**Exercise prompt:**
When you reach the line below that has "野村総研 エグゼクティブ・エ", start returning lines exactly, and stop after the line that has "濟南校區(qū)(斯威本學院)第十一周會議安排"; skip the pictures.

**Source material:**
=== Section Start ===

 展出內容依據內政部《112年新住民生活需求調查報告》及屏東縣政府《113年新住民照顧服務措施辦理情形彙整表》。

=== Section End ===
=== Section Start ===

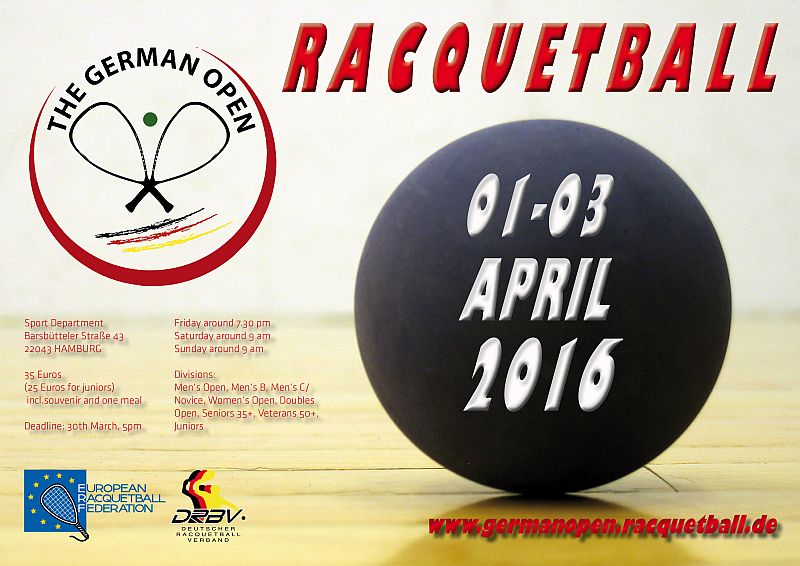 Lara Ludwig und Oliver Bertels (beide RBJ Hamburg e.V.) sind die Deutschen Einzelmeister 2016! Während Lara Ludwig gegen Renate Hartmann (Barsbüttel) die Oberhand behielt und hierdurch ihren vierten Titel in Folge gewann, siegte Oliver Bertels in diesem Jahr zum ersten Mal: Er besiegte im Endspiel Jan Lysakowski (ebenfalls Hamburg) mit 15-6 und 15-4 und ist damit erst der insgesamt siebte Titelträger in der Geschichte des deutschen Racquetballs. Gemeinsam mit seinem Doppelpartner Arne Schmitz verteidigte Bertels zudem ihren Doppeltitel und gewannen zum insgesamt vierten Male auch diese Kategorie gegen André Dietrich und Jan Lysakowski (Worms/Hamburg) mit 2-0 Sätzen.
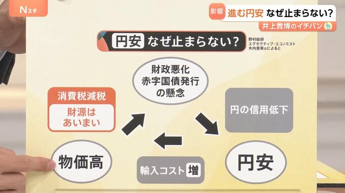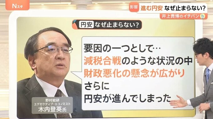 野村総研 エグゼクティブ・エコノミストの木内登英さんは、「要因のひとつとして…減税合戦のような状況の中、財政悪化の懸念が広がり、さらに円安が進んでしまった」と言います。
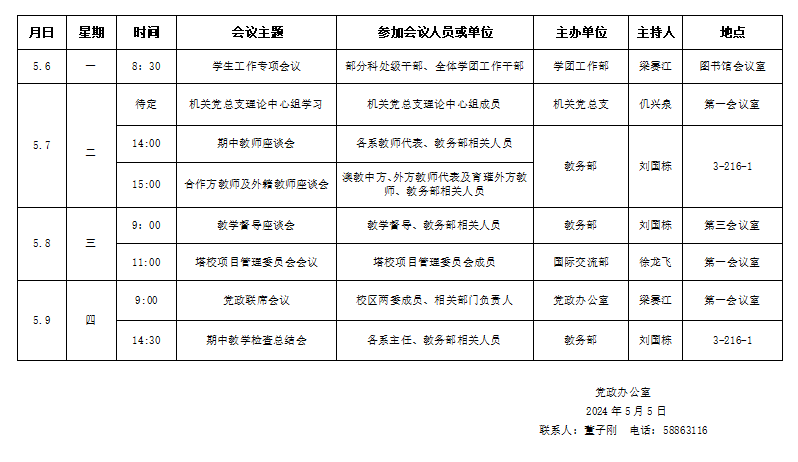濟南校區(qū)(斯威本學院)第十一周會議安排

=== Section End ===

**Task output:**
 野村総研 エグゼクティブ・エコノミストの木内登英さんは、「要因のひとつとして…減税合戦のような状況の中、財政悪化の懸念が広がり、さらに円安が進んでしまった」と言います。
濟南校區(qū)(斯威本學院)第十一周會議安排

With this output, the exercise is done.